#### Exercise data ####
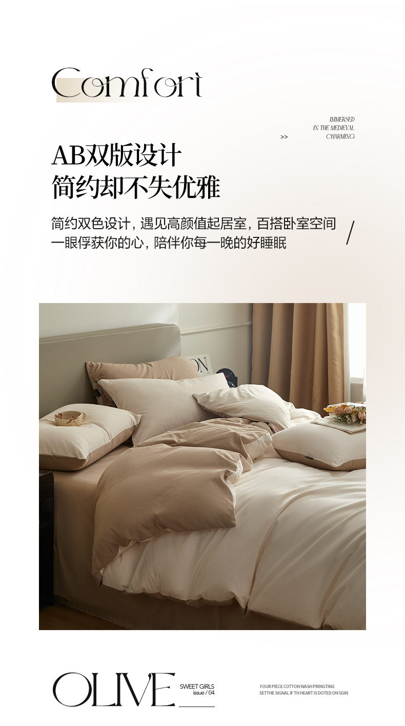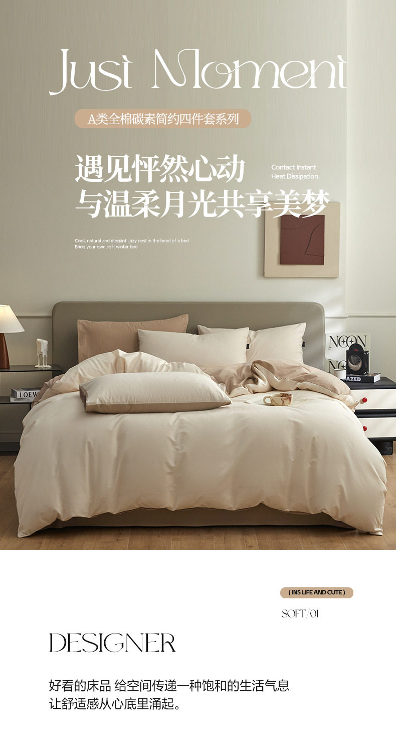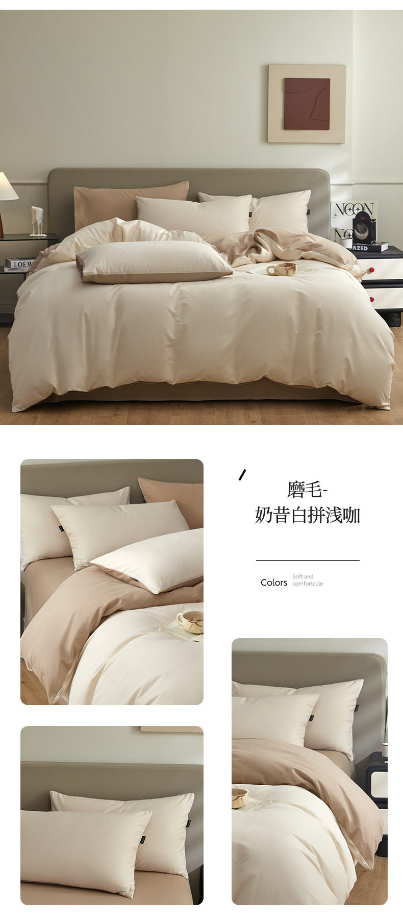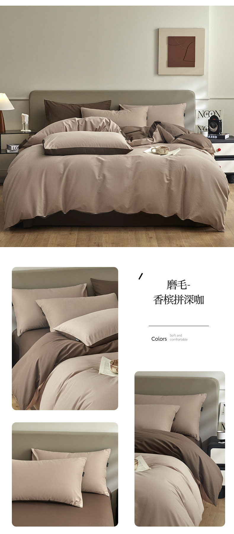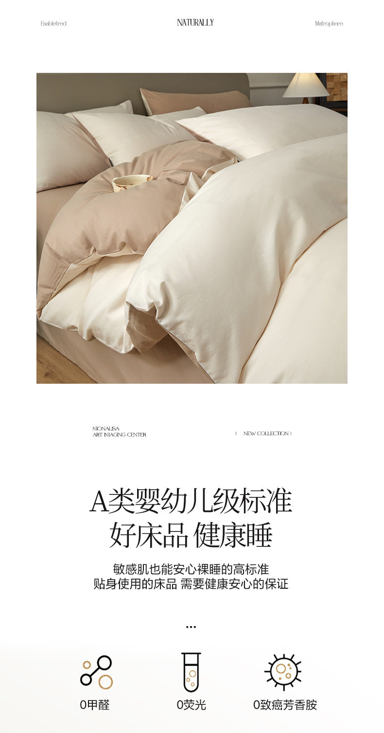 Simple Class A Solid Color Cotton Sanding Four-piece Set Baby Grade Thickened Cotton Three-piece Set Light Luxury Bed Sheet Quilt Cover
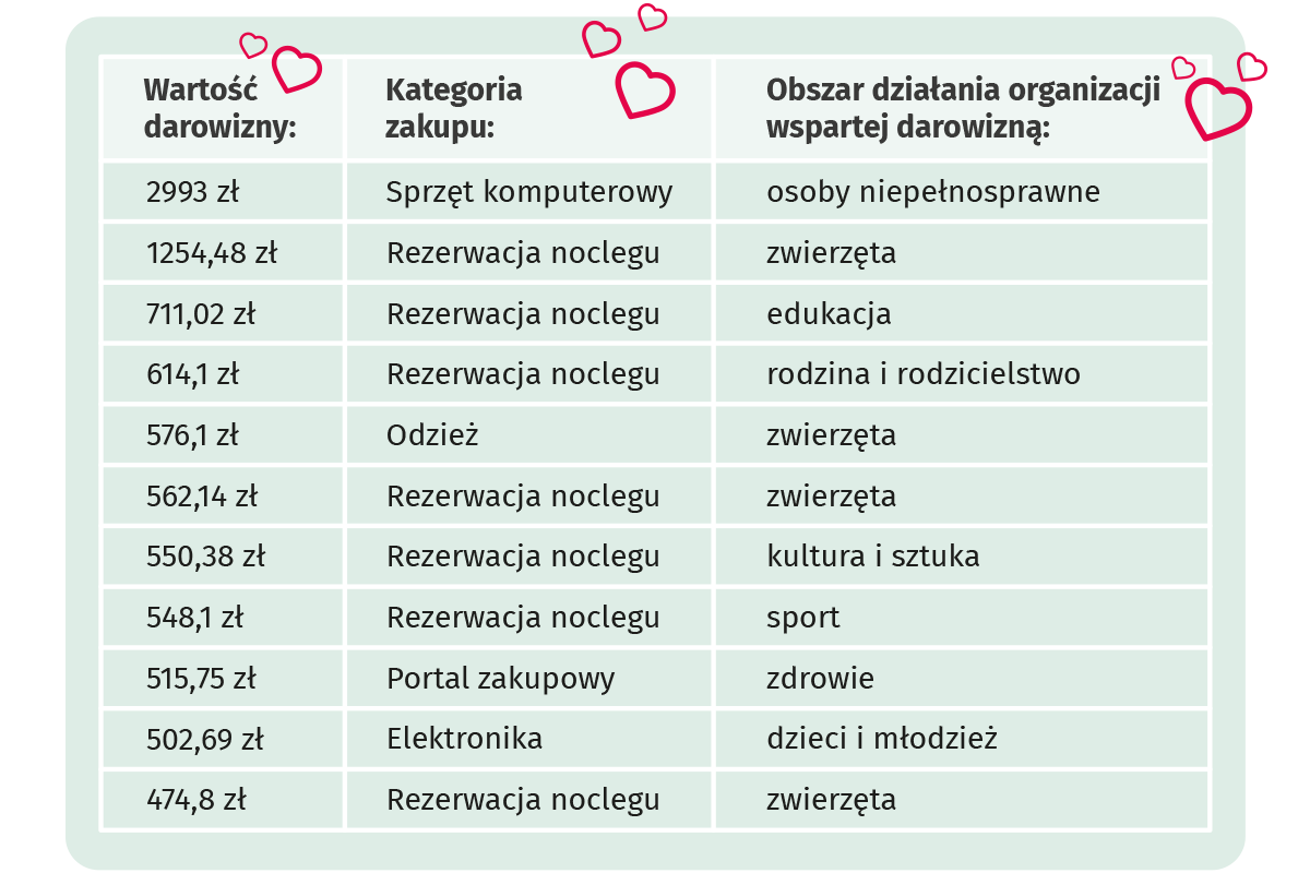 Z kolei największa jednorazowa darowizna od rezerwacji noclegu wyniosła ponad 1200 zł za rezerwację hotelu i sali konferencyjnej dla firmy.
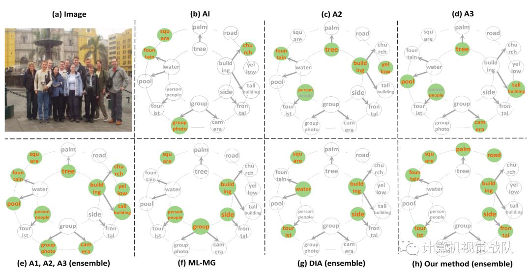 最近研究了如何提高生成标记的语义区分性,该方法利用一个行列式点过程(DPP)模型来生成语义冗余较少的标记。在示例图像上运行此算法的标注结果如图1(g)所示。然而,与人类标注相比,这样的结果仍然缺乏一个方面见图1(e))。人类标注的集体注释也往往是多种多样的,包括更多的图像语义元素的标记。
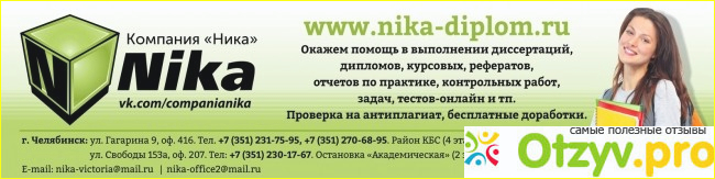 Поэтому при всем моем уважении к компании ООО "Ника" советую студентам не все заказывать работы, только то, что Вы лично не успеваете сделать в силу личного времени и возможной работы, как это было у меня в первые годы учебы. Писала шпоры и прочее.
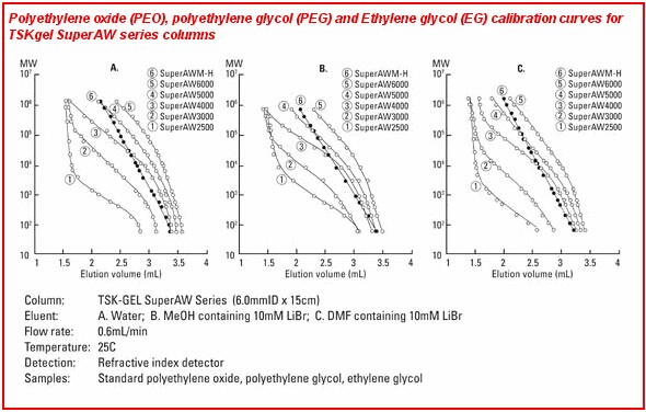 1. TSKgel SuperAW系列色譜柱由親水性球形聚甲基丙烯酸酯顆粒填充。
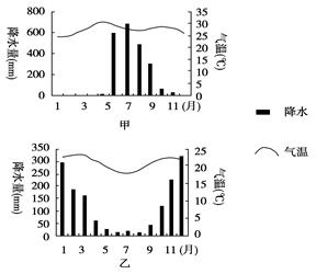 (2)甲、乙、丙、丁四条河流中,径流量最大的是__________河,试从气候角度说明原因。(6分)
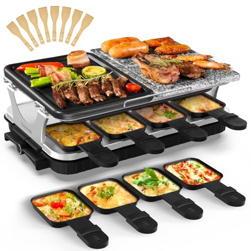 Voohek Korean BBQ Grill Raclette Table Grill Hibachi Electric Indoor Grill 2 in 1 Non-stick Grilling Plate and Natural Cooking Stone Adjustable Temperature 8 Raclette Pans 8 Wooden Spatulas 1300W
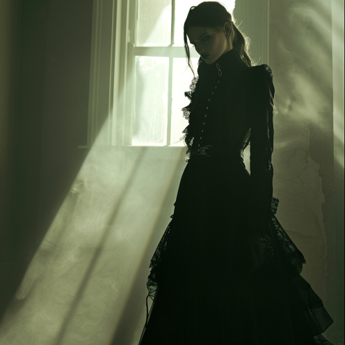 fashion photography, vogue photo style, fashion look, full length, female model wearing Gothic look, Prada style --v 6.0
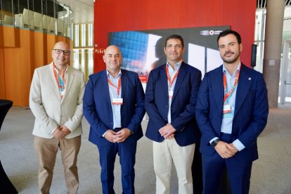 Pedro Gilabert, de Vodafone España; Francisco Javier Fernández, de Gransolar; Jordi Vega, de Gransolar; y Antonio Jiménez, de Vodafone España.
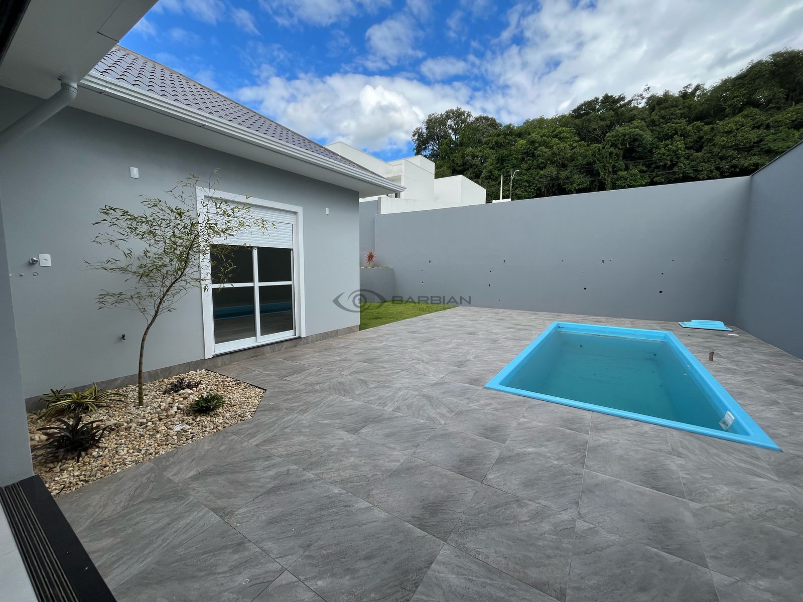 Pátio nos fundos murado e com piscina.
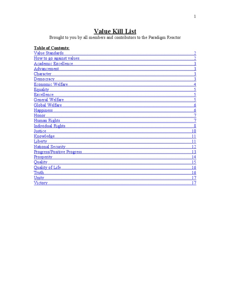 • Too broad, (my value) is achievable and tangible. Character is more than one
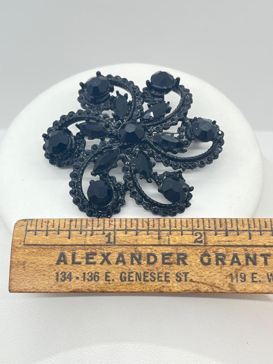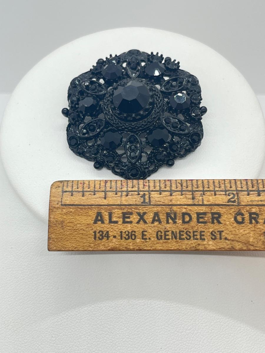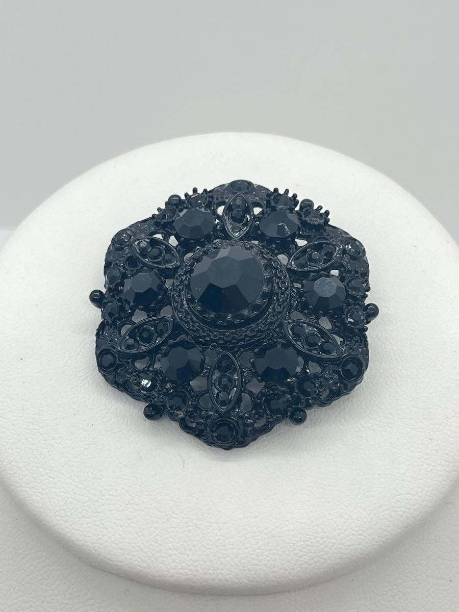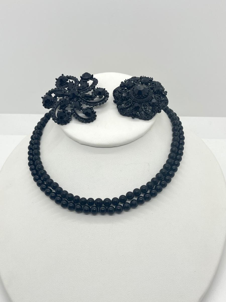 LOT 4: Two Black Rhinestone Brooches - Two Black 16" Necklaces
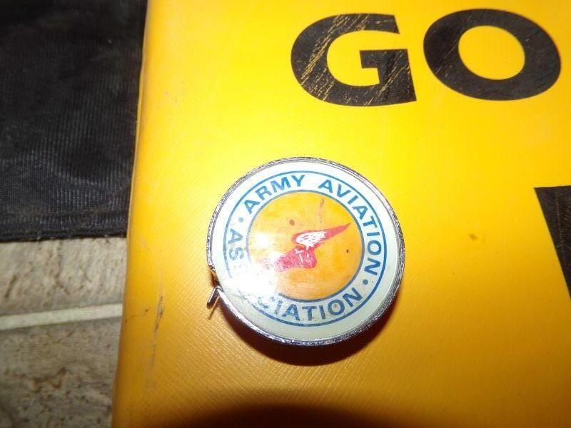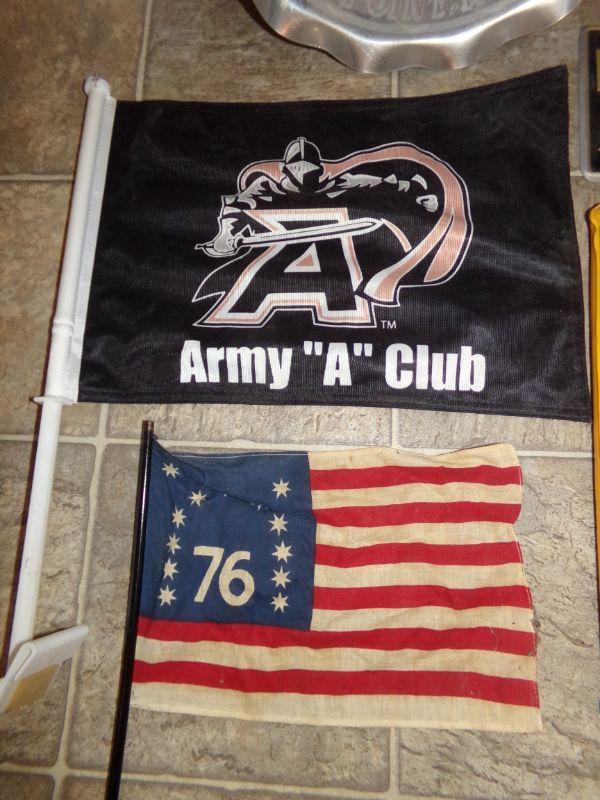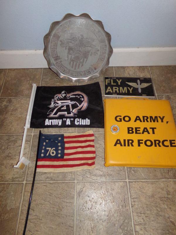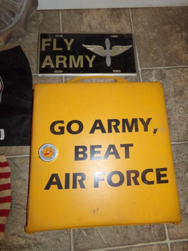 SEAT CUDHION, CAR AND CENTENNIAL US FLAGS, ARMY AVIATION ASSOCIATION TAPE MEASURE, "FLY ARMY" SIGN AND ARMY RELATED METAL PLATTER/SIGN
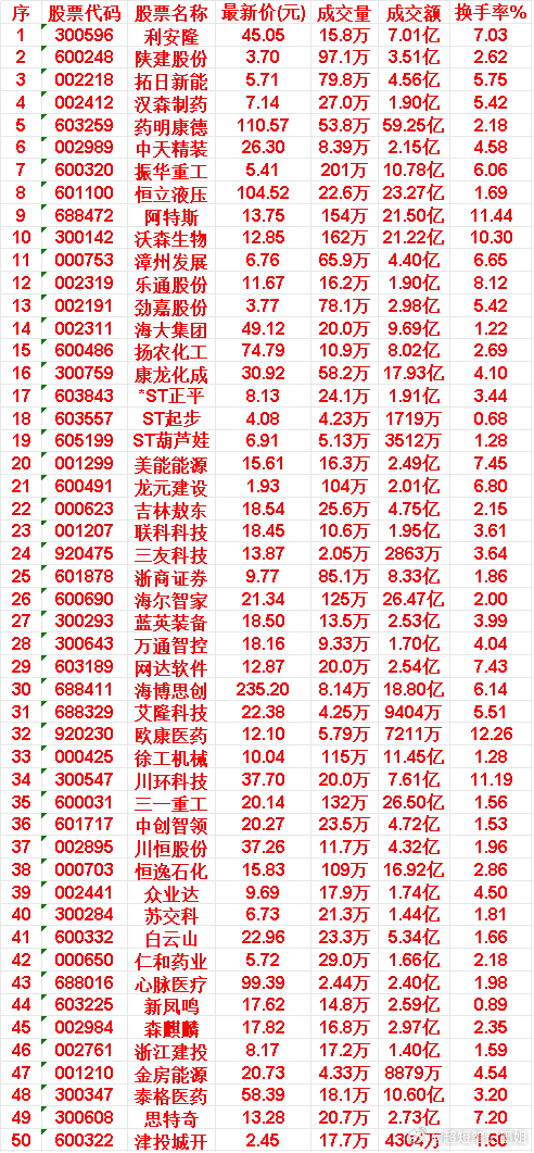 利安隆:最新价 45.05 元,成交量 15.8 万手,成交额 7.01 亿元陕建股份:最新价 3.70 元,成交量 97.1 万手,成交额 3.51 亿元拓日新能:最新价 5.71 元,成交量 79.8 万手,成交额 4.56 亿元汉森制药:最新价 7.14 元,成交量 27.0 万手,成交额 1.90 亿元药明康德:最新价 110.57 元,成交量 53.8 万手,成交额 59.25 亿元中天精装:最新价 26.30 元,成交量 8.39 万手,成交额 2.15 亿元
####
### [Exercise aim]
Return nothing but the lines running from the start of the data to the line with "Voohek Korean BBQ", please, both ends included and no pictures.

### [Solved exercise]
 Simple Class A Solid Color Cotton Sanding Four-piece Set Baby Grade Thickened Cotton Three-piece Set Light Luxury Bed Sheet Quilt Cover
 Z kolei największa jednorazowa darowizna od rezerwacji noclegu wyniosła ponad 1200 zł za rezerwację hotelu i sali konferencyjnej dla firmy.
 最近研究了如何提高生成标记的语义区分性,该方法利用一个行列式点过程(DPP)模型来生成语义冗余较少的标记。在示例图像上运行此算法的标注结果如图1(g)所示。然而,与人类标注相比,这样的结果仍然缺乏一个方面见图1(e))。人类标注的集体注释也往往是多种多样的,包括更多的图像语义元素的标记。
 Поэтому при всем моем уважении к компании ООО "Ника" советую студентам не все заказывать работы, только то, что Вы лично не успеваете сделать в силу личного времени и возможной работы, как это было у меня в первые годы учебы. Писала шпоры и прочее.
 1. TSKgel SuperAW系列色譜柱由親水性球形聚甲基丙烯酸酯顆粒填充。
 (2)甲、乙、丙、丁四条河流中,径流量最大的是__________河,试从气候角度说明原因。(6分)
 Voohek Korean BBQ Grill Raclette Table Grill Hibachi Electric Indoor Grill 2 in 1 Non-stick Grilling Plate and Natural Cooking Stone Adjustable Temperature 8 Raclette Pans 8 Wooden Spatulas 1300W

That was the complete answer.